A week or so ago, Taggert over at A Random Walk discussed the ironic origins of the minimum wage bill.

Here's a quote from the article he references:

Progressives, including Richard Ely, Louis Brandeis, Felix Frankfurter, the Webbs in England etc., were interested not in protecting women but in protecting men and the race. Their goal was to get women back into the home, where they belonged, instead of abandoning their eugenic duties and competing with men for work.

As it turns out, so-called Family Friendly policies seem to be following a somewhat similar pattern. I just re-read The Baby Boon by Burkett.
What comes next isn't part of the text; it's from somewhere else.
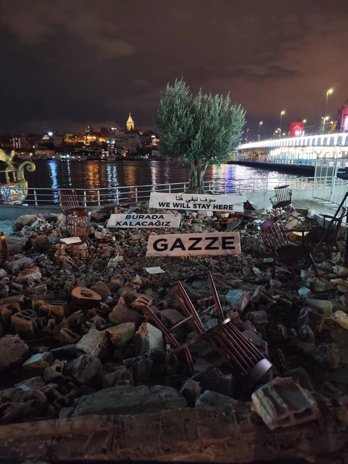 Yıkıntıların ortasında yükselen zeytin ağacı, yok edilmeye çalışılan hafızayı ve kök salmış direnişi temsil eden enstalasyonda devrilmiş sandalyeler, dağıtılmış enstrümanlar, kitaplar ve kamera gibi detaylar, kültürel üretimin susturulmasına karşı bir sembolizmle ifade edildi.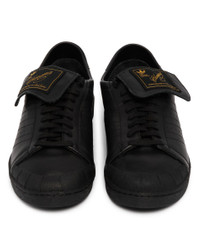 Adidas Originals x Willy Chavarria Black Jabbar Low Sneakers. Black leather upper, iconic contrasting side stripes, classic lacing, folded tongue with a logo label, rubber sole, rounded toe, regular fit. DETAILS Model: HQ4867BLACK Composition: Upper: 100% Leather; Sole: 100% Rubber Made in: Indonesia Season: FW25-26

In it, she points out one of the ironies of current Corporate work-life or family-friendly policies. In the mid-1900s, feminists decryed what was known as the "family wage". This was essentially a justification for paying men with wives and children higher wages not based on merit, but but on perceived need. It worked to the disfavor of working women, most of whom were single at that time. It also disadvantaged working mothers at the time, most of whom were minorities.

Ironically, Burkett argues that family-friendly policies do exactly the same thing, except now, they favor working mothers. Instead of paying people based on merit or productivity, wage and benefit subsidies in the form of work-life balance policies are heavily weighted toward those with kids.